Top of Provided records

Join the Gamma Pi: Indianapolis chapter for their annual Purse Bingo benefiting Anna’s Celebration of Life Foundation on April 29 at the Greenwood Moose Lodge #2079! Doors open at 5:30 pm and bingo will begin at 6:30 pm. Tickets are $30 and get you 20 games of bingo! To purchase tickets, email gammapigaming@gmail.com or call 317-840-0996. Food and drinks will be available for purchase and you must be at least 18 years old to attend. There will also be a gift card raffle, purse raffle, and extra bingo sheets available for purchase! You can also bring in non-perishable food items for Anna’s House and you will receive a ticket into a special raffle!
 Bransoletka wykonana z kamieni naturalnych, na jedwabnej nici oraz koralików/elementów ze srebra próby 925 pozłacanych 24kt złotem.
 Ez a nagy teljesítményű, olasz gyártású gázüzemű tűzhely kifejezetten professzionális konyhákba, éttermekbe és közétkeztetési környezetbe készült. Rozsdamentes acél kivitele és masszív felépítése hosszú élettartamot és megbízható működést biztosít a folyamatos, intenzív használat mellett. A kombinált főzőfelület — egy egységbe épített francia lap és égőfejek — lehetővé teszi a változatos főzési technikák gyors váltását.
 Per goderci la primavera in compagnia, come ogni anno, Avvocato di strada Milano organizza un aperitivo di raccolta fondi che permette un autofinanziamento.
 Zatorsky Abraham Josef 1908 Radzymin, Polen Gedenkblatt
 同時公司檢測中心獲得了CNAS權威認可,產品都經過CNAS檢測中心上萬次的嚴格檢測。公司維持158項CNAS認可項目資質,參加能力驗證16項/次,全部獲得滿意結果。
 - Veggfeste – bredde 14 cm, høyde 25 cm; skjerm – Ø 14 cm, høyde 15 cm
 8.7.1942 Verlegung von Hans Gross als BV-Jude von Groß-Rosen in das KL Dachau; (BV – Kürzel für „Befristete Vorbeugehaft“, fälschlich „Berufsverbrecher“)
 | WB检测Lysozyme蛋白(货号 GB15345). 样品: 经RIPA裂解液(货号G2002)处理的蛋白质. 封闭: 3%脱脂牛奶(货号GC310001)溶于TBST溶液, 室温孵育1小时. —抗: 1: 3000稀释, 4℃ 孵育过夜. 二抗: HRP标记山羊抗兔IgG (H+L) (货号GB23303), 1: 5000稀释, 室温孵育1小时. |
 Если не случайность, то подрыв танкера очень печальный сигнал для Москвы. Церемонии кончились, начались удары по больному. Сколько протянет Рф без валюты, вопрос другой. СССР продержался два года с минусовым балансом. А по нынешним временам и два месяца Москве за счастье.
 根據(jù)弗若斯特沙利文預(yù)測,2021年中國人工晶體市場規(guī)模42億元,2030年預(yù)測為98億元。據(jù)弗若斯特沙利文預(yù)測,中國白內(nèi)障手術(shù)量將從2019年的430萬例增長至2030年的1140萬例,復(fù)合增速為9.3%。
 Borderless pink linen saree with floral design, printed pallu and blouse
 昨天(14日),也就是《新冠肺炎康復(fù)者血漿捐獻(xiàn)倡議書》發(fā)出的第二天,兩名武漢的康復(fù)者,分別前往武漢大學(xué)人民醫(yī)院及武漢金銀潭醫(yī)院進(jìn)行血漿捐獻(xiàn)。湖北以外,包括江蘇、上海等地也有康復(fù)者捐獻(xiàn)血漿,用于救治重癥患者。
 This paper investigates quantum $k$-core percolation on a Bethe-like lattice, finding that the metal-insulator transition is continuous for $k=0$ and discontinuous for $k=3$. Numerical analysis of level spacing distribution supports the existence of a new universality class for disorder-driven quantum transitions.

Bottom of Provided records

## Activity
In the data above, find the line with "Если не случайность, то" and the line with "昨天(14日),也就是《新冠". Retype both, plus every line between them, exactly.

## Written response
 Если не случайность, то подрыв танкера очень печальный сигнал для Москвы. Церемонии кончились, начались удары по больному. Сколько протянет Рф без валюты, вопрос другой. СССР продержался два года с минусовым балансом. А по нынешним временам и два месяца Москве за счастье.
 根據(jù)弗若斯特沙利文預(yù)測,2021年中國人工晶體市場規(guī)模42億元,2030年預(yù)測為98億元。據(jù)弗若斯特沙利文預(yù)測,中國白內(nèi)障手術(shù)量將從2019年的430萬例增長至2030年的1140萬例,復(fù)合增速為9.3%。
 Borderless pink linen saree with floral design, printed pallu and blouse
 昨天(14日),也就是《新冠肺炎康復(fù)者血漿捐獻(xiàn)倡議書》發(fā)出的第二天,兩名武漢的康復(fù)者,分別前往武漢大學(xué)人民醫(yī)院及武漢金銀潭醫(yī)院進(jìn)行血漿捐獻(xiàn)。湖北以外,包括江蘇、上海等地也有康復(fù)者捐獻(xiàn)血漿,用于救治重癥患者。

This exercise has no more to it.